When the variable governing the problem under study has spatial variations, the desired properties of the variable change by moving away from a point. In other words, points close to one another are more similar, and points distant from one another behave relatively independently. This spatial correlation has led to the development of a science known as geostatistics, which, of course, is not limited to the earth sciences and covers any discipline in which spatial variability is a concern.

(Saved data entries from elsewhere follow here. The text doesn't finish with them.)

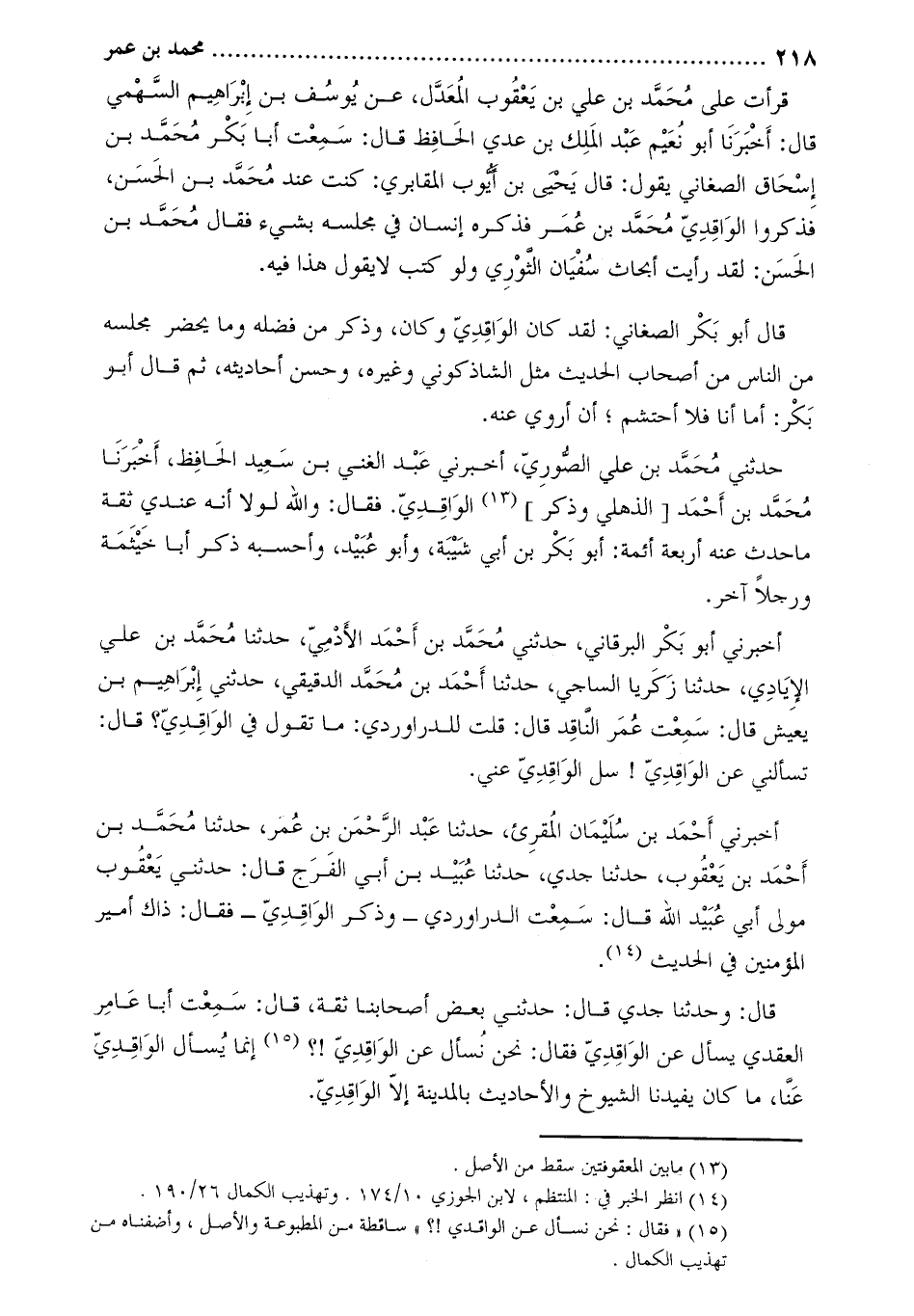 [3] «فقال: نحن نسأل عن الواقدي!؟» ساقطة من المطبوعة والأصل، وأضفناه من تهذيب الكمال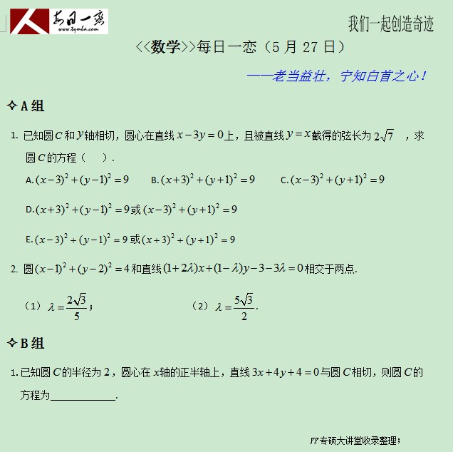 從本周一(5月26日)開始,每日一“戀”各科不再發(fā)放詳解,相關(guān)題目解析每周在太奇YY大講堂由老師進行統(tǒng)一講解,每周課程在太奇YY大講堂萬人備考群進行公布,YY群號:9444754 YY聽課頻道:57378066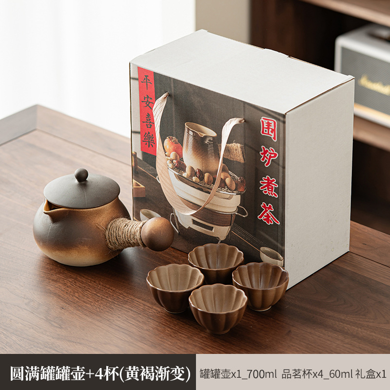 囲炉煮茶高級缶ポット茶器家庭用屋外煮ミルクティーポット屋外ネット赤ギフトボックスセットプレゼント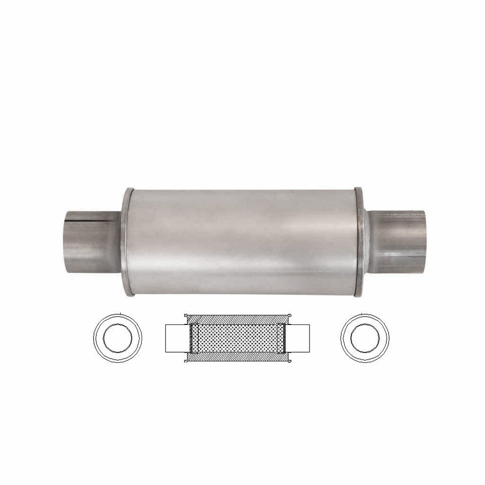 5" Round Centre/Centre Configurations Universal Mufflers | Aluminised | Select Your Size Length and Internal Options - 2.25 in (57.1mm) / 12 in. (305 mm) / Chambered is backordered and will ship as soon as it is back in stock.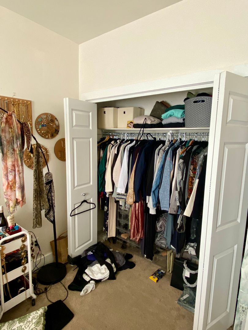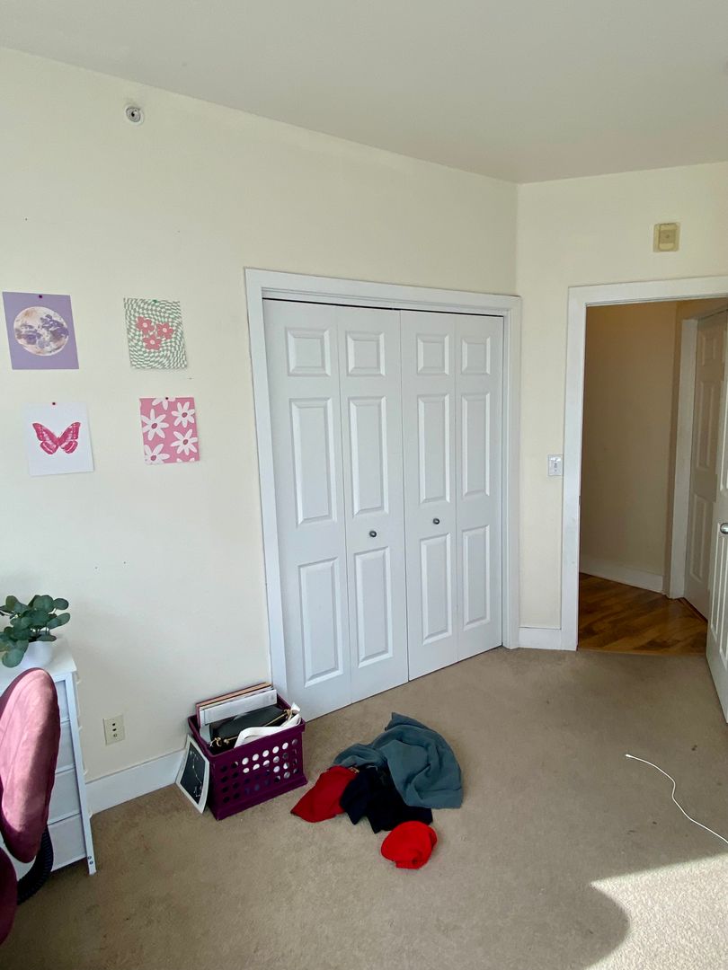 Storage galore! All 4 bedrooms have sizable closets. Also included are Air Conditioning for your summer comfort, clothes washer and dryer, three designated parking spaces in the parking garage, as well as a garage storage closet. Enjoy the condo building's small gym facility, included.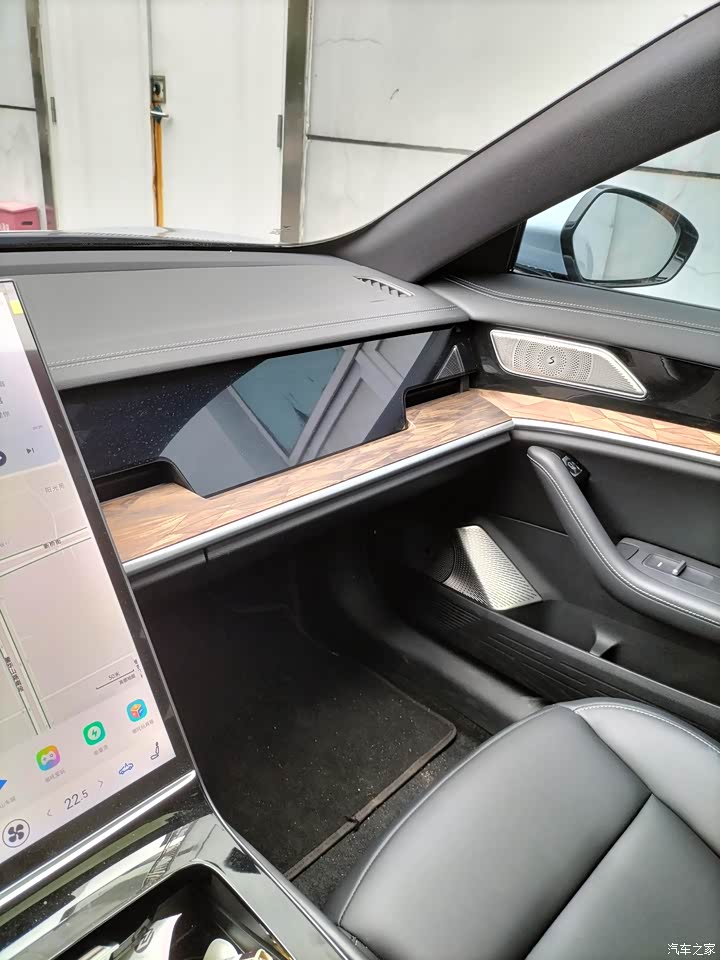 内饰拿到新车时也没什么味道,就感觉颜色单调了一点,那个木纹装饰我好喜欢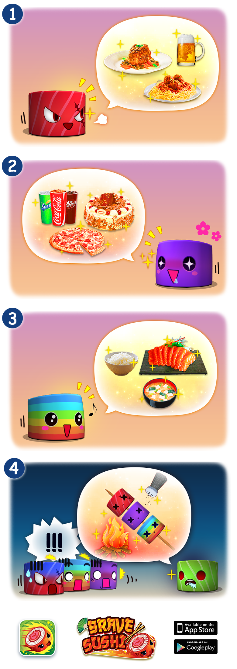 Brave Sushi is our first run on 3D mobile game. Help guide your sushi across the endless conveyor in an attempt to escape his inevitable fate. Jump, dodge, and slide your way to survive as long as possible, with the occasional help from flavouring powers!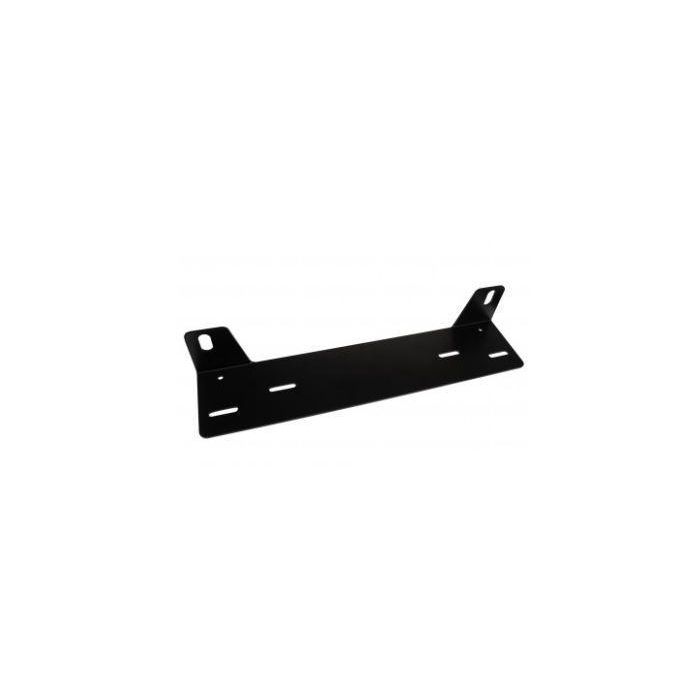 Universal extraljushållare (nummerskylts hållare) i pulverlackerad svart. Passar de flesta bilar där nummerskylten inte är kraftigt försänkt och där stötfångaren inte sticker ut ovanför nummerskylten. Mått på hållaren: Total bredd: 390 mm Total höjd: 88 mm Bredd mellan monteringshål för extraljus: 350 mm (mätt från centrum av hålet) Bredd mellan yttersta hålen som håller själva hållaren i fordonet: 340 mm (mätt från centrum av hålet) Monteringsanvisning: Hållaren monteras bakom nummerskylten. Hål borras på lämpliga ställen i hållaren och stötfångaren för skruv, bult eller popnit. Se till att hållaren sitter så stadigt som möjligt. OBS! Kontrollera innan borrning att inga kablar, slangar eller liknande är placerade inuti stötfång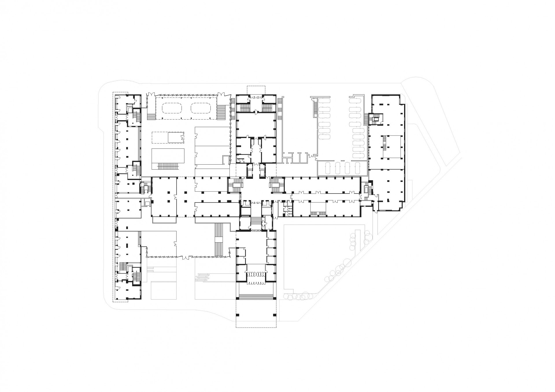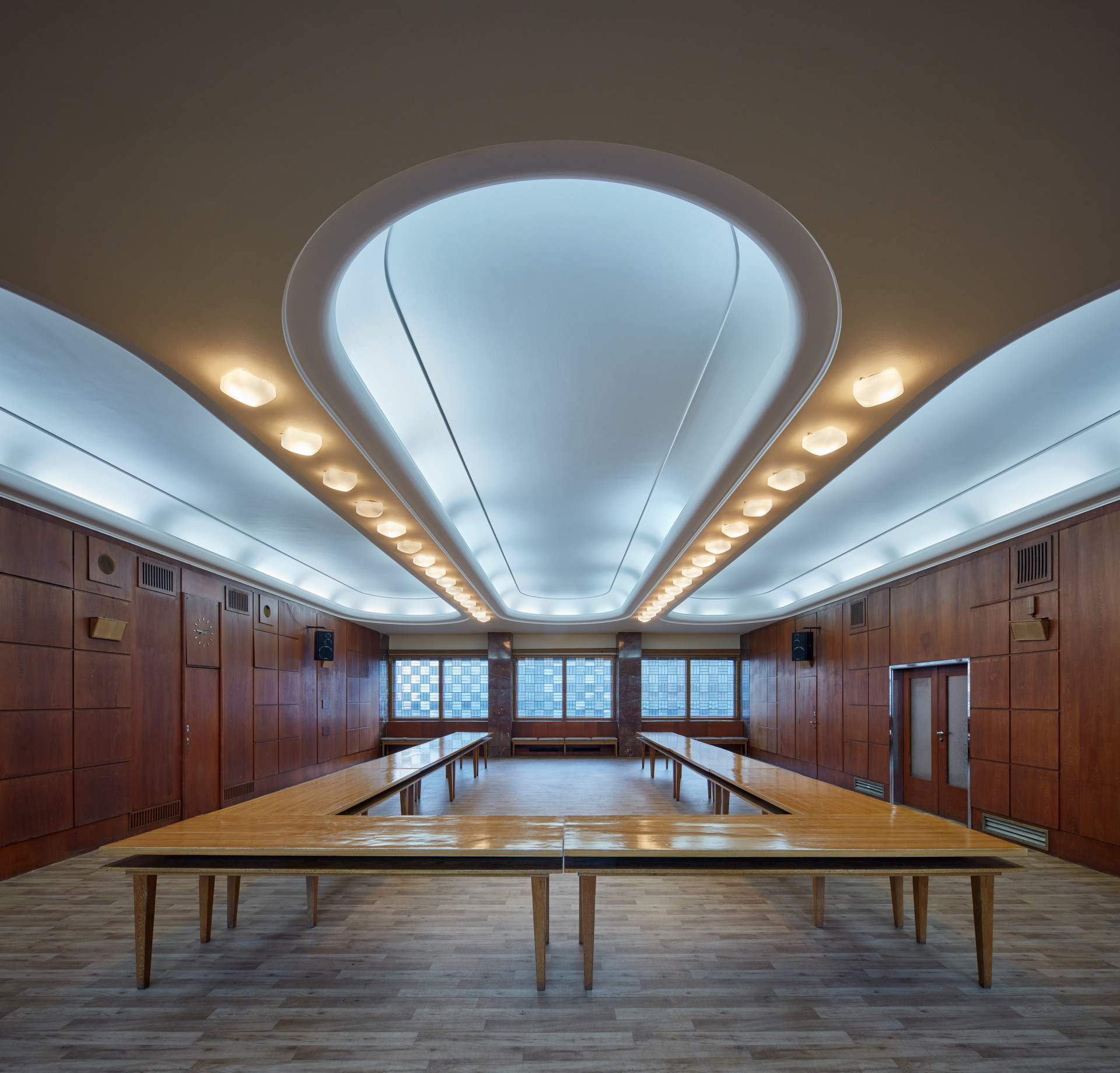 Co se týče změny interiérů, hodnotné původní prvky mají být zachovány. „V interiérech zůstávají zachovány historicky významné prostory a prvky, jako je kino Přítomnost, reprezentativní prostory zasedacích sálů a jejich předprostor s objekty telefonních budek, dále schodiště, zábradlí a související prvky. Celkově pak zůstávají v intaktní formě v součtu zachována celá dvě patra,“ upřesňují autoři návrhu.

This training course is prepared in two sessions. In the first session, a problem with spatial variables is described. Then the spatial data of the example is presented and imported into the MATLAB environment. In the following, the distance matrix and the lag distance criterion are introduced and their calculations are explained step-by-step. The concept of cloud variogram is then introduced and implemented in the MATLAB environment. In addition, various types of variogram estimators, including spherical, exponential, and linear models, are described and calculated. In the second session, the Kriging method is discussed as one of the most well-known methods in spatial statistics. For this purpose, first the required subject theories, such as weighted average of neighborhood points and Lagrange optimization, are explained, and then the formulation of the Kriging method is explained. The matrix form of the equations is then extracted and implemented as an example in the MATLAB environment. Moreover, the Kriging interpolation error is explored using the variance criterion and is plotted as an error contour alongside the Kriging prediction.
This course is beneficial for all students and researchers who work with spatial statistical models and explains the fundamentals of the required programming techniques and procedures in a straightforward way.